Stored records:
::::
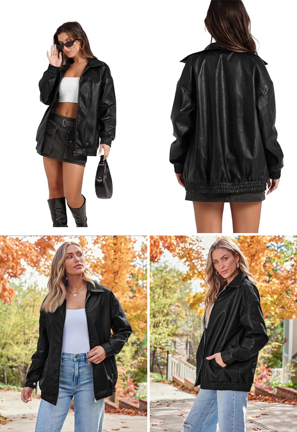 This stylish faux leather bomber jacket offers a chic, oversized silhouette perfect for transitional weather, adding a fashionable outerwear option to outdoor ensembles and providing a contemporary edge to garden gatherings.
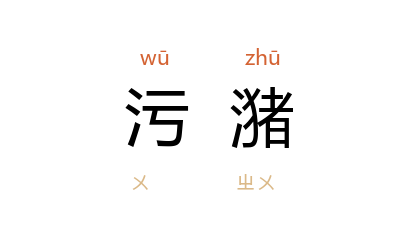 郭沫若 《文艺论集·文学的本质》:“有的又跑到碧绿的汚潴边上去考察,就说水是色清而有臭。”
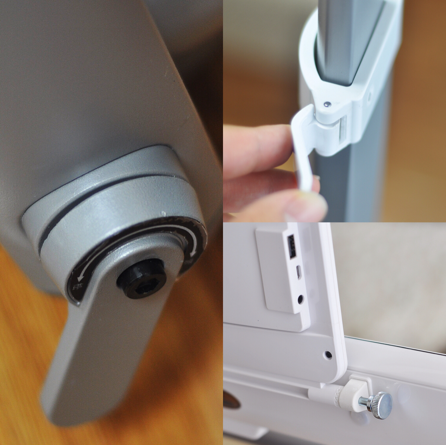 其他细节也不容忽视,固定立柱的扳手在使用时非常顺畅,细节设计也很到位。彩色萤幕的设计同样精巧,通过齿轮锁紧,可以调账不同位置和俯仰角度。
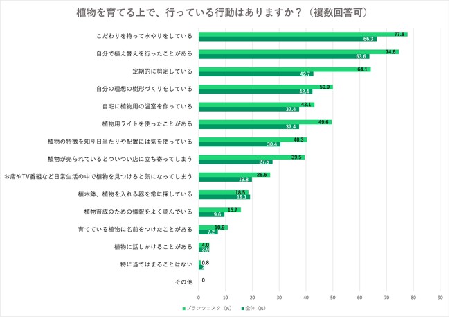 「植物を育てる上で、行っている行動はありますか?」という質問には、全体とプランツニスタともに「こだわりを持って水やりをしている」という回答が最も多く、続いて「自分で植え替えを行ったことがある」「定期的に剪定している」「自分の理想の樹形づくりをしている」の順で回答が多い結果となりました。
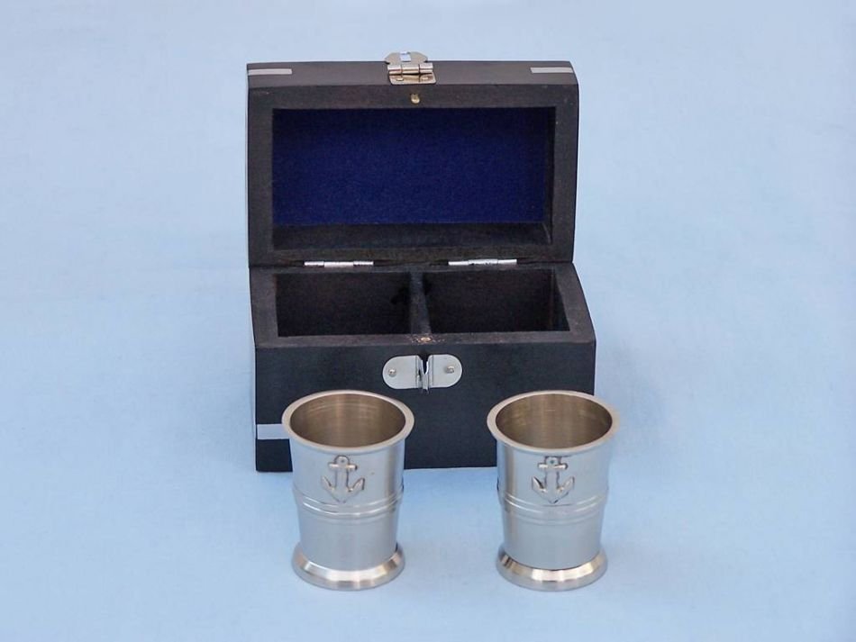 Home > Brushed Nickel Anchor Shot Glasses With Rosewood Box 4"" - Set of 2
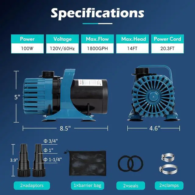 MAINTENANCE MADE EASY: Mesh cover, impeller housing, and rotor can be removed without tools for simple cleaning. Clean as needed depending on water conditions to keep the pond pumps for outdoor ponds performing efficiently. Refer to the user manual for step-by-step guidance.
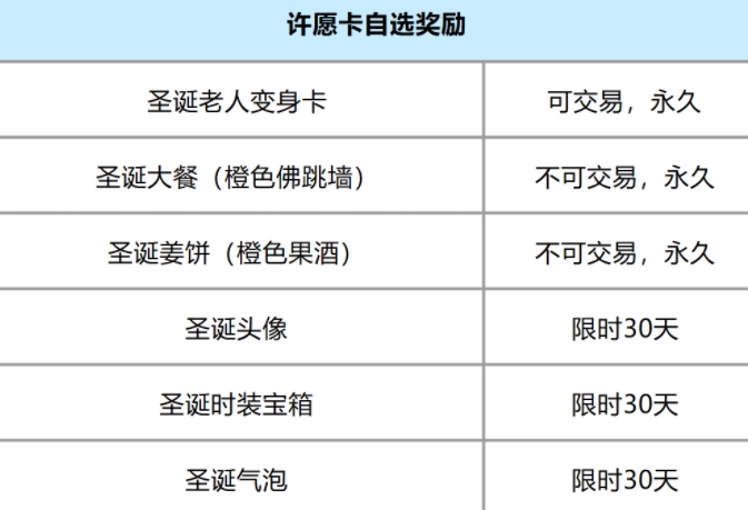 活动时间:12月24日更新后-12月30日5:00任务简介:玩家每日可接取任务,帮助圣诞老人寻找并送出礼物,完成任务后,将获得许愿卡道具。使用许愿卡,玩家可以从丰厚的奖池中自选获得一项奖励(仅能获得任一道具)
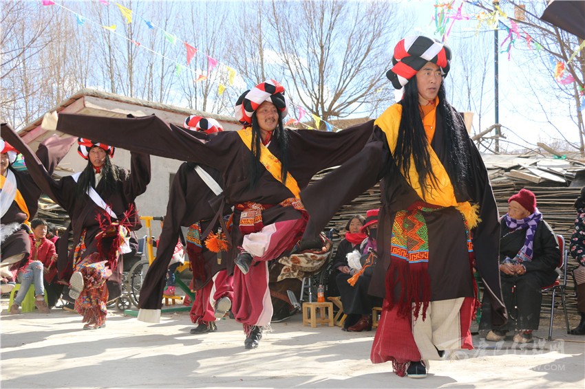 演出現(xiàn)場(chǎng),80歲的澤則瑪高興地說(shuō):“我們一直都是從電視上觀看全國(guó)各地舉辦的新春文藝表演,沒(méi)想到今年春節(jié)我們小小的一個(gè)村子也有了自己的舞臺(tái)?!贝竽瓿跻?,村民們?cè)缭绯赃^(guò)飯,穿上表演服在村級(jí)文化活動(dòng)室等待10點(diǎn)鐘正式演出,活動(dòng)室外的觀眾們正翹首以盼。伴隨著歡快的歌舞聲響起演員們翩翩起舞,為村子增添了節(jié)日的歡樂(lè)。
::::
EXERCISE PROMPT: Please copy exactly the lines from the one containing "郭沫若 《文艺论集·文学的本" through the last line of the records above, both included, and leave out any pictures.

RESPONSE FOR THIS EXERCISE:
 郭沫若 《文艺论集·文学的本质》:“有的又跑到碧绿的汚潴边上去考察,就说水是色清而有臭。”
 其他细节也不容忽视,固定立柱的扳手在使用时非常顺畅,细节设计也很到位。彩色萤幕的设计同样精巧,通过齿轮锁紧,可以调账不同位置和俯仰角度。
 「植物を育てる上で、行っている行動はありますか?」という質問には、全体とプランツニスタともに「こだわりを持って水やりをしている」という回答が最も多く、続いて「自分で植え替えを行ったことがある」「定期的に剪定している」「自分の理想の樹形づくりをしている」の順で回答が多い結果となりました。
 Home > Brushed Nickel Anchor Shot Glasses With Rosewood Box 4"" - Set of 2
 MAINTENANCE MADE EASY: Mesh cover, impeller housing, and rotor can be removed without tools for simple cleaning. Clean as needed depending on water conditions to keep the pond pumps for outdoor ponds performing efficiently. Refer to the user manual for step-by-step guidance.
 活动时间:12月24日更新后-12月30日5:00任务简介:玩家每日可接取任务,帮助圣诞老人寻找并送出礼物,完成任务后,将获得许愿卡道具。使用许愿卡,玩家可以从丰厚的奖池中自选获得一项奖励(仅能获得任一道具)
 演出現(xiàn)場(chǎng),80歲的澤則瑪高興地說(shuō):“我們一直都是從電視上觀看全國(guó)各地舉辦的新春文藝表演,沒(méi)想到今年春節(jié)我們小小的一個(gè)村子也有了自己的舞臺(tái)?!贝竽瓿跻?,村民們?cè)缭绯赃^(guò)飯,穿上表演服在村級(jí)文化活動(dòng)室等待10點(diǎn)鐘正式演出,活動(dòng)室外的觀眾們正翹首以盼。伴隨著歡快的歌舞聲響起演員們翩翩起舞,為村子增添了節(jié)日的歡樂(lè)。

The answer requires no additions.